### Exercise details
Please restate the records that follow exactly, skipping their images.

### Stored data
---

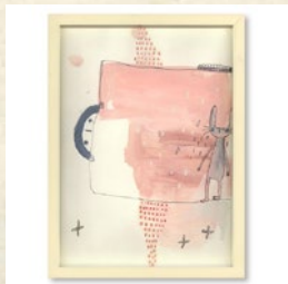
「Peeper」 呉亜沙作 ドーイング 出品: ケース A14 伊万里絵
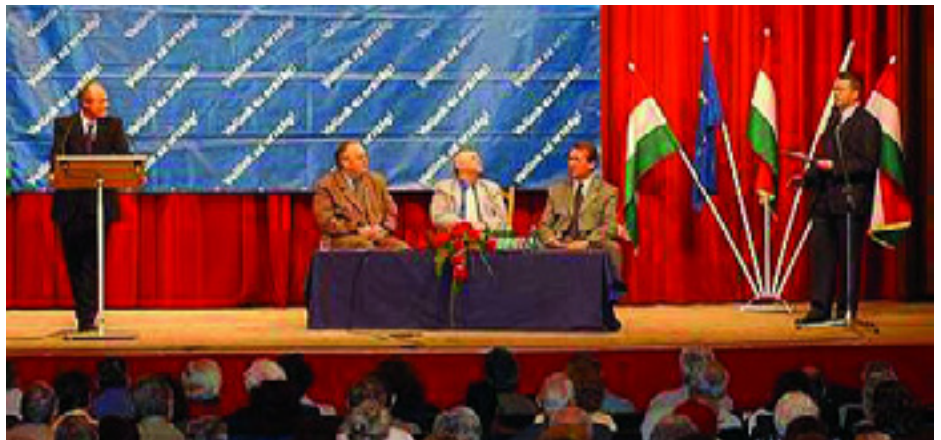
MEDGYESSY PÉTER BESZÉL A CSEPELI MUNKÁSOTTHONBAN, AZ ÜLŐ SORBAN AVARKESZI DEZSŐ, MSZP-S KÉPVISELŐ, TÓTH MIHÁLY, CSEPEL POLGÁRMESTERE, PODOLÁK GYÖRGY KÉPVISELŐ

2. Budapest XXI. kerület Csepel Önkormányzata Képviselő-testülete úgy dönt, hogy a Csepel SC központi telephelyén, a 201861/1 és a 201861/2
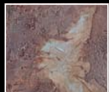
Ruggine - Rust Red MF01 + HM02 + MO23
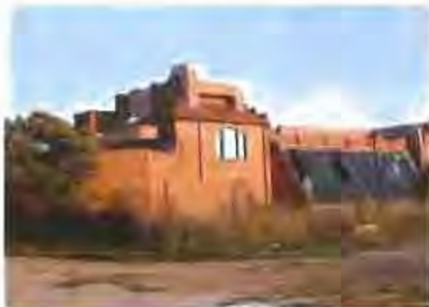
Can Turequet amb el seu aspecte general. La imatge és del 2010 i la foto superior és del 2017.
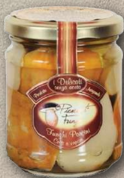
FUNGHI PORCINI AL FORNO 190 G
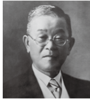
ねづ かいちろう 根津嘉一郎 (1860-1940)

山梨市生まれ。甲州財閥の一人。東武鉄道など全国の鉄道会社経営に関わり「鉄道王」と呼ばれた。文化振興にも大きく貢献し、山梨県内の全小学校にピアノを寄贈。「根津ピアノ」の愛称で、今も親しまれている。
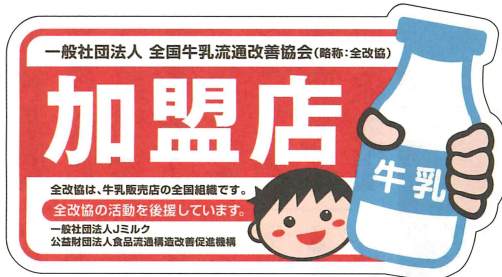
全改協加盟店証ステッカー

〔流改協さまへ 加盟店からご依頼があった場合や、新たに必要になった場合のステッカー、シール、マグネットシートの追加ご注文は、10枚単位で実費で承っております。全改協までお問い合わせください。〕
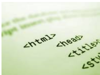
Code source HTML.

Si vous avez un site web en cours de développement, il y a plusieurs éléments à prendre connaissance afin de rendre la démarche plus aisée de part et d'autre. Nous en avons rassemblé quelques-uns dans les pages de cette section.
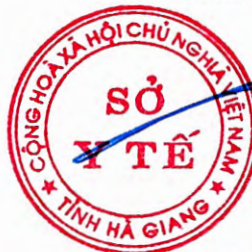
Lương Viết Thuận
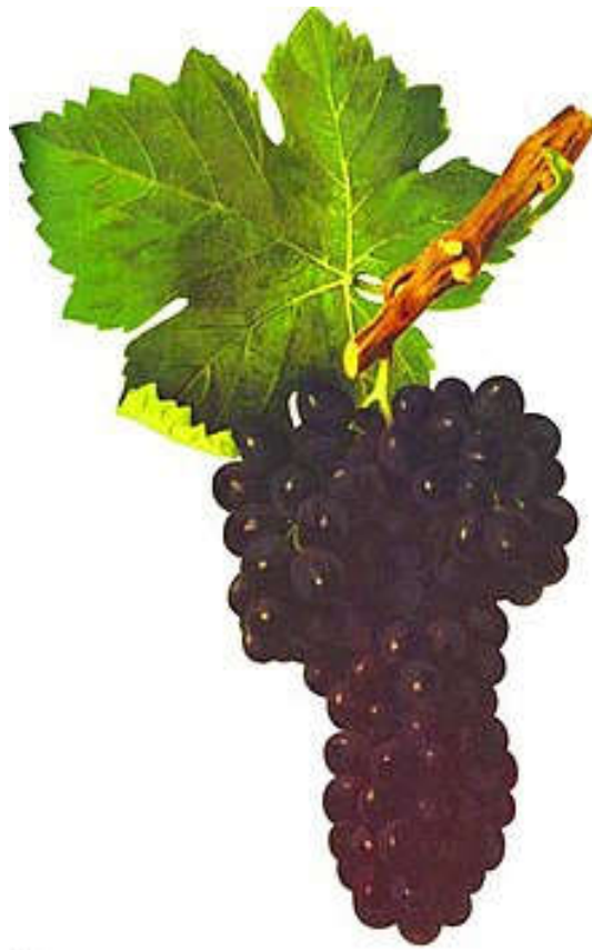
Slika 2. Izgled grožđa Syrah (upload.wikimedia.org)

blago crvenkasto nijansiranom. Peteljka lista je duga, tanka, zupci srednji do veliki. Zreo grozd je srednje velik, cilindričan, najčešće izdužen, kompaktn, do koljenaca odrvenjele izdužene peteljke. Zrele bobice su okrugle do ovalne, srednje velike do malene, izrazito tamnoplave obojene s obilnim peteljkom. Meso je sočno, slatko i užitno. Rozgva je rebrasto uglasta, srednje dugih članaka kestenjastocrvenkastih i tamnije nijansiranih koljenaca. Rast je srednje bujnosti, dobar. (Mirošević, N., Turković, Z. 2003.)
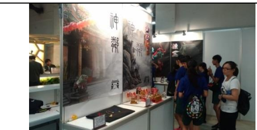
↑參觀者與解說人員。
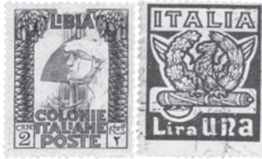
Abb. 1 Metapher und Bedrohung. Markenbilder aus Warburgs Vortrag zur «Funktion des Briefmarkenbildes im Geistesverkehr der Welt», 1927.
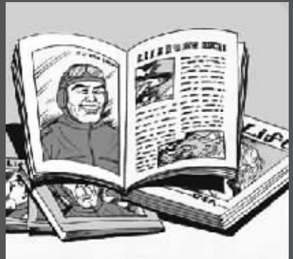
美国的《生活》称徐焕生是“轰炸日本本土的第一人”。
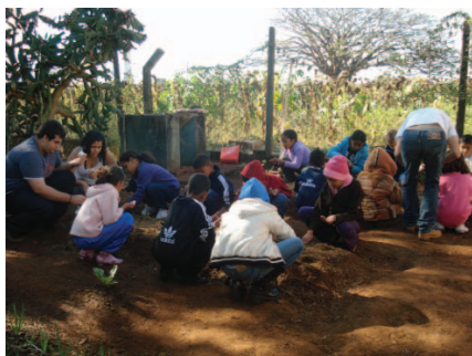
Plantio de horta orgânica na Escola Estadual Bairro Marimbondo.
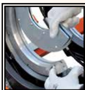
Čelisti Ø 75 ÷ 225 mm
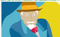
Il testamento - Capitolo 8. Il carro, il cavallo, il mulchino e la vita

Di Pietro Sedió. Prima di tutti i figli oculari anche loro, poi gli amici più "letiti", poi quelli meno ed infine i conoscenti e gli innamabili carissimi. E la notizia si sparse in un baleno tanto che i giornalisti che erano fuori la villetta torinese.
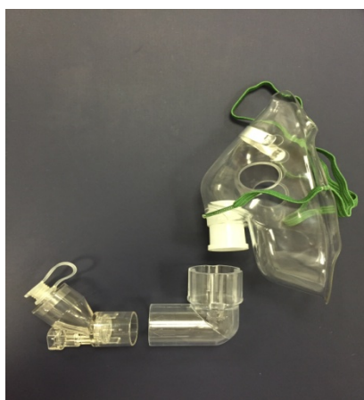
Masque (petit ou grand) + Coude strié + Aéroneb
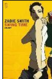
Swing Time di Zadie Smith (Mondadori)
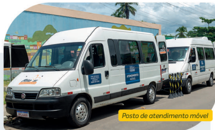
Posto de atendimento móvel
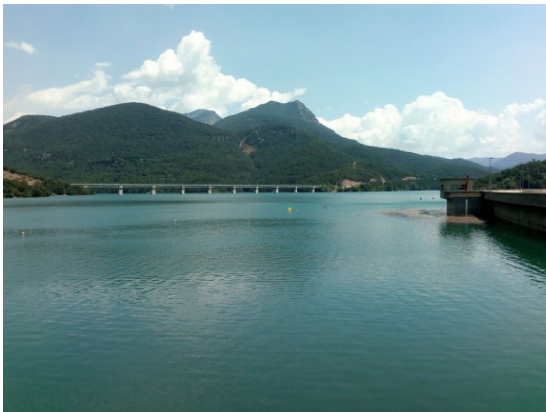
L'embassament de la Baells.

14. Pantà de la Torssa (Espot, Pallars Sobirà) ( https://www.escapadarural.cat/quefer/espot_es/pantano-de-la-torrassa )
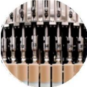
Dòng máy làm dây
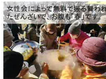
女性会によって無料で振る舞われたぜんざいで、お腹も「春」です。

皆さんでしっかりと活用いただき、地域活動が一層盛り上がることを祈念いたします。(中島地区社協 事務局)
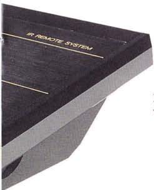
Eine einzige Fernbedienung für die HiFi-Anlage, den Fernseher und das Videogerät (B210 Tischterminal).

EasyLine ist im Modul-System aufgebaut und lässt sich stufenweise erweitern. Zum Teil können auch bestehende Geräte verschiedenster Marken problemlos integriert werden. Nähere Informationen zu EasyLine erhalten Sie bei Ihrem Fachhändler oder direkt bei uns.
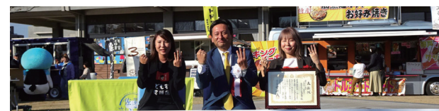
令和5年度 佐賀さいこう表彰 表彰式 「自発の地域づくり・協働部門」 令和5年11月26日

「佐賀さいこう表彰」は、佐賀県における地域課題解決に向けた取り組みを行い、顕著な成果を挙げている、又は地域の下支えとして活動しているCSO等を対象にした表彰です。こども宅食応援団は、「こども宅食事業の普及をはじめ、地域の実情に即した仕組みづくりのノウハウを実施団体へ提供し、地域をつなげるネットワークの構築に貢献した」という点が評価され、今回の受賞となりました。
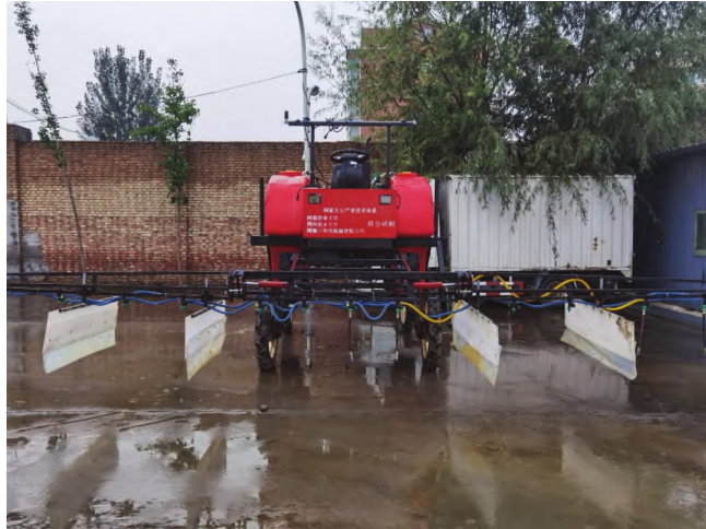
图3 3WPZ-1000高地隙自走式喷杆喷雾机
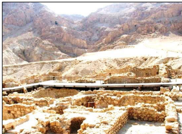
Ostanki Ein Gedija v Qumranu. V ozadju votlina v skalovju, kjer je pastir - beduin našel zvitke Svetega pisma

Okoli 12 km proti jugu ob Mrtvem morju leži v razvalinah Qumran, ki pa ima povsem drugačno zgodovino od Jerihe. Ustanovili so ga eseni – ljudje, ki so iskali samoto in mir v puščavi. Hoteli so živeti popolno življenje, stran od nečistih in pokvarjenih judovskih duhovnikov. Zapustili so torej jeruzalemski tempelj, da bi obnovili zavezo z Bogom pod vodstvom Pravičnega. Prav tako imenovana esenska skupnost se je naselila v
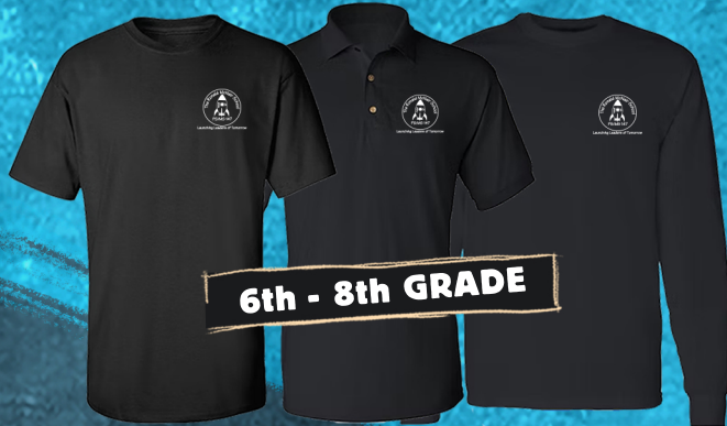
6th - 8th GRADE

Recibe $5 DE DESCUENTO al confirmar tu reserva y gastar $50+!
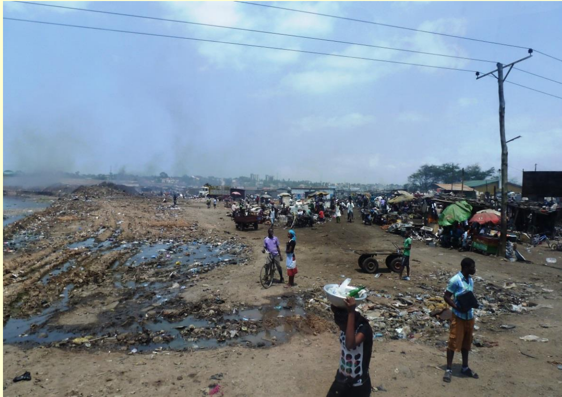
Stadtteil ‚Agbogbloshie‘, Accra
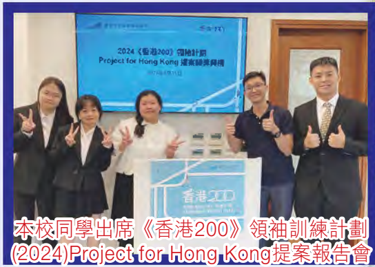
本校同學出席《香港200》領袖訓練計劃(2024)Project for Hong Kong提案報告會
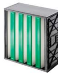
4. Absolute VG
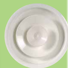
DAV 03 REÁCTIL
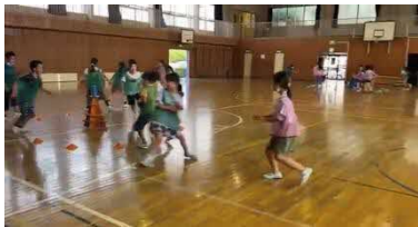
スポーツ鬼ごっこ
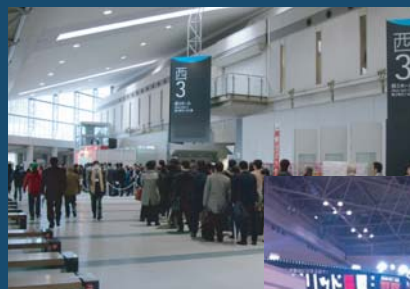
受付前には長打の列が！
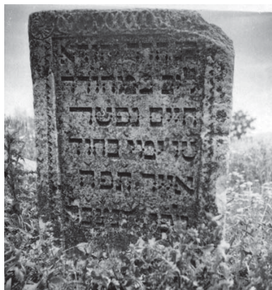
Iehuda Leib fiul lui Chaim, cimitirul evreiesc Ciurchi, Iași, 1725 Iehuda Leib, son of Chaim, the Jewish cemetery from Ciurchi, Iași, 1725
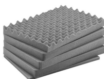
iM2600-FOAM Jeu de mousses de rechange, 5 pièces
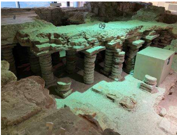
Reste der originalen Fußbodenheizung.
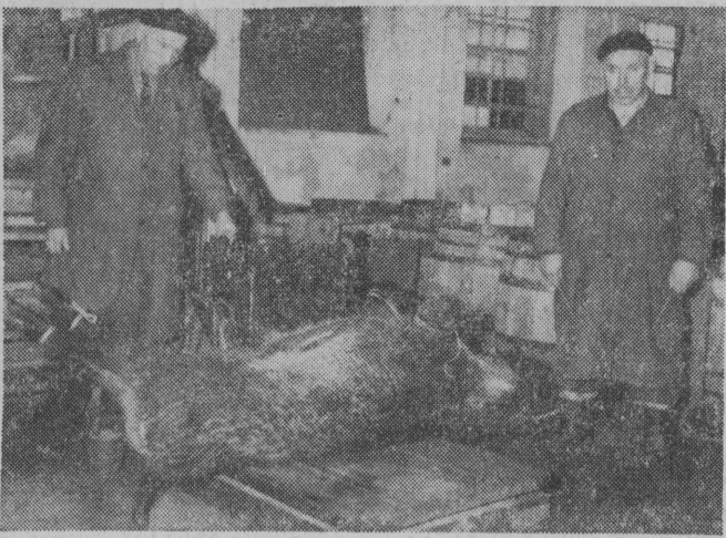
Na wadze dzik odyniec.
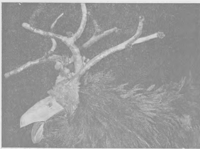
Рис. 3. Олень. УССР, Черновицкая обл., Глубокский р-н, с. Волока (ГМЭ, № 8424—28)

Рассмотренные нами маски зооморфных персонажей новогодних «игрищ» молдаван, имеющиеся в музейном собрании, свидетельствуют не только о сохранении обрядовых новогодних игрищ на этой территории, но и о тех изменениях в мировоззрении молдавского крестьянства, которые произошли за годы Советской власти.
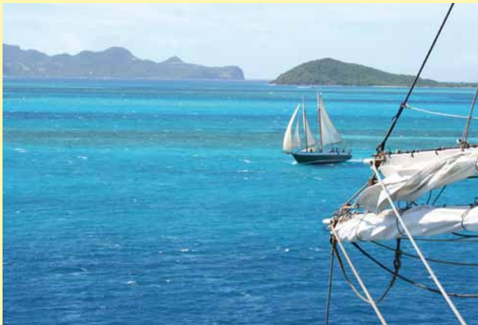
Erlebnispädagogik: High Seas High School - Das segelnde Klassenzimmer. Seit 1993 ein Segelprojekt des Internatsgymnasiums Hermann Lietz-Schule auf Spiekeroog

Das Internat Hermann Lietz-Schule auf Spiekeroog kann durch seine reformpädagogischen Grundsätze und die einzigartige Lage auf der Nordsee-Insel mitten im Weltnaturerbe Wattenmeer viele Naturbezüge direkt herstellen. Ergänzt wird dies mit praktischen Arbeiten in Gilden, wie der Gartenbaugilde, der Tierhaltungsgilde oder dem Deichbau. In den Gilden beteiligen sich die Internatsschü-
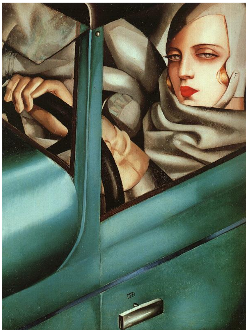
Tamara de Lempicka

Análisis y comentario de una obra, con los siguientes apartados: contexto y estilo al que pertenece la obra y características de dicha obra en relación a este estilo; autor, obra y estilo personal; análisis descriptivo formal y técnica: composición, color, espacio, luz, texturas, formas, aspectos técnicos, líneas...; análisis iconográfico e iconológico: significado de la obra y repercusión en su momento; y antecedentes e influencias posteriores.

---

### Completed exercise
「Peeper」 呉亜沙作 ドーイング 出品: ケース A14 伊万里絵
MEDGYESSY PÉTER BESZÉL A CSEPELI MUNKÁSOTTHONBAN, AZ ÜLŐ SORBAN AVARKESZI DEZSŐ, MSZP-S KÉPVISELŐ, TÓTH MIHÁLY, CSEPEL POLGÁRMESTERE, PODOLÁK GYÖRGY KÉPVISELŐ

2. Budapest XXI. kerület Csepel Önkormányzata Képviselő-testülete úgy dönt, hogy a Csepel SC központi telephelyén, a 201861/1 és a 201861/2
Ruggine - Rust Red MF01 + HM02 + MO23
Can Turequet amb el seu aspecte general. La imatge és del 2010 i la foto superior és del 2017.
FUNGHI PORCINI AL FORNO 190 G
ねづ かいちろう 根津嘉一郎 (1860-1940)

山梨市生まれ。甲州財閥の一人。東武鉄道など全国の鉄道会社経営に関わり「鉄道王」と呼ばれた。文化振興にも大きく貢献し、山梨県内の全小学校にピアノを寄贈。「根津ピアノ」の愛称で、今も親しまれている。
全改協加盟店証ステッカー

〔流改協さまへ 加盟店からご依頼があった場合や、新たに必要になった場合のステッカー、シール、マグネットシートの追加ご注文は、10枚単位で実費で承っております。全改協までお問い合わせください。〕
Code source HTML.

Si vous avez un site web en cours de développement, il y a plusieurs éléments à prendre connaissance afin de rendre la démarche plus aisée de part et d'autre. Nous en avons rassemblé quelques-uns dans les pages de cette section.
Lương Viết Thuận
Slika 2. Izgled grožđa Syrah (upload.wikimedia.org)

blago crvenkasto nijansiranom. Peteljka lista je duga, tanka, zupci srednji do veliki. Zreo grozd je srednje velik, cilindričan, najčešće izdužen, kompaktn, do koljenaca odrvenjele izdužene peteljke. Zrele bobice su okrugle do ovalne, srednje velike do malene, izrazito tamnoplave obojene s obilnim peteljkom. Meso je sočno, slatko i užitno. Rozgva je rebrasto uglasta, srednje dugih članaka kestenjastocrvenkastih i tamnije nijansiranih koljenaca. Rast je srednje bujnosti, dobar. (Mirošević, N., Turković, Z. 2003.)
↑參觀者與解說人員。
Abb. 1 Metapher und Bedrohung. Markenbilder aus Warburgs Vortrag zur «Funktion des Briefmarkenbildes im Geistesverkehr der Welt», 1927.
美国的《生活》称徐焕生是“轰炸日本本土的第一人”。
Plantio de horta orgânica na Escola Estadual Bairro Marimbondo.
Čelisti Ø 75 ÷ 225 mm
Il testamento - Capitolo 8. Il carro, il cavallo, il mulchino e la vita

Di Pietro Sedió. Prima di tutti i figli oculari anche loro, poi gli amici più "letiti", poi quelli meno ed infine i conoscenti e gli innamabili carissimi. E la notizia si sparse in un baleno tanto che i giornalisti che erano fuori la villetta torinese.
Masque (petit ou grand) + Coude strié + Aéroneb
Swing Time di Zadie Smith (Mondadori)
Posto de atendimento móvel
L'embassament de la Baells.

14. Pantà de la Torssa (Espot, Pallars Sobirà) ( https://www.escapadarural.cat/quefer/espot_es/pantano-de-la-torrassa )
Dòng máy làm dây
女性会によって無料で振る舞われたぜんざいで、お腹も「春」です。

皆さんでしっかりと活用いただき、地域活動が一層盛り上がることを祈念いたします。(中島地区社協 事務局)
Eine einzige Fernbedienung für die HiFi-Anlage, den Fernseher und das Videogerät (B210 Tischterminal).

EasyLine ist im Modul-System aufgebaut und lässt sich stufenweise erweitern. Zum Teil können auch bestehende Geräte verschiedenster Marken problemlos integriert werden. Nähere Informationen zu EasyLine erhalten Sie bei Ihrem Fachhändler oder direkt bei uns.
令和5年度 佐賀さいこう表彰 表彰式 「自発の地域づくり・協働部門」 令和5年11月26日

「佐賀さいこう表彰」は、佐賀県における地域課題解決に向けた取り組みを行い、顕著な成果を挙げている、又は地域の下支えとして活動しているCSO等を対象にした表彰です。こども宅食応援団は、「こども宅食事業の普及をはじめ、地域の実情に即した仕組みづくりのノウハウを実施団体へ提供し、地域をつなげるネットワークの構築に貢献した」という点が評価され、今回の受賞となりました。
图3 3WPZ-1000高地隙自走式喷杆喷雾机
Ostanki Ein Gedija v Qumranu. V ozadju votlina v skalovju, kjer je pastir - beduin našel zvitke Svetega pisma

Okoli 12 km proti jugu ob Mrtvem morju leži v razvalinah Qumran, ki pa ima povsem drugačno zgodovino od Jerihe. Ustanovili so ga eseni – ljudje, ki so iskali samoto in mir v puščavi. Hoteli so živeti popolno življenje, stran od nečistih in pokvarjenih judovskih duhovnikov. Zapustili so torej jeruzalemski tempelj, da bi obnovili zavezo z Bogom pod vodstvom Pravičnega. Prav tako imenovana esenska skupnost se je naselila v
6th - 8th GRADE

Recibe $5 DE DESCUENTO al confirmar tu reserva y gastar $50+!
Stadtteil ‚Agbogbloshie‘, Accra
本校同學出席《香港200》領袖訓練計劃(2024)Project for Hong Kong提案報告會
4. Absolute VG
DAV 03 REÁCTIL
スポーツ鬼ごっこ
受付前には長打の列が！
Iehuda Leib fiul lui Chaim, cimitirul evreiesc Ciurchi, Iași, 1725 Iehuda Leib, son of Chaim, the Jewish cemetery from Ciurchi, Iași, 1725
iM2600-FOAM Jeu de mousses de rechange, 5 pièces
Reste der originalen Fußbodenheizung.
Na wadze dzik odyniec.
Рис. 3. Олень. УССР, Черновицкая обл., Глубокский р-н, с. Волока (ГМЭ, № 8424—28)

Рассмотренные нами маски зооморфных персонажей новогодних «игрищ» молдаван, имеющиеся в музейном собрании, свидетельствуют не только о сохранении обрядовых новогодних игрищ на этой территории, но и о тех изменениях в мировоззрении молдавского крестьянства, которые произошли за годы Советской власти.
Erlebnispädagogik: High Seas High School - Das segelnde Klassenzimmer. Seit 1993 ein Segelprojekt des Internatsgymnasiums Hermann Lietz-Schule auf Spiekeroog

Das Internat Hermann Lietz-Schule auf Spiekeroog kann durch seine reformpädagogischen Grundsätze und die einzigartige Lage auf der Nordsee-Insel mitten im Weltnaturerbe Wattenmeer viele Naturbezüge direkt herstellen. Ergänzt wird dies mit praktischen Arbeiten in Gilden, wie der Gartenbaugilde, der Tierhaltungsgilde oder dem Deichbau. In den Gilden beteiligen sich die Internatsschü-
Tamara de Lempicka

Análisis y comentario de una obra, con los siguientes apartados: contexto y estilo al que pertenece la obra y características de dicha obra en relación a este estilo; autor, obra y estilo personal; análisis descriptivo formal y técnica: composición, color, espacio, luz, texturas, formas, aspectos técnicos, líneas...; análisis iconográfico e iconológico: significado de la obra y repercusión en su momento; y antecedentes e influencias posteriores.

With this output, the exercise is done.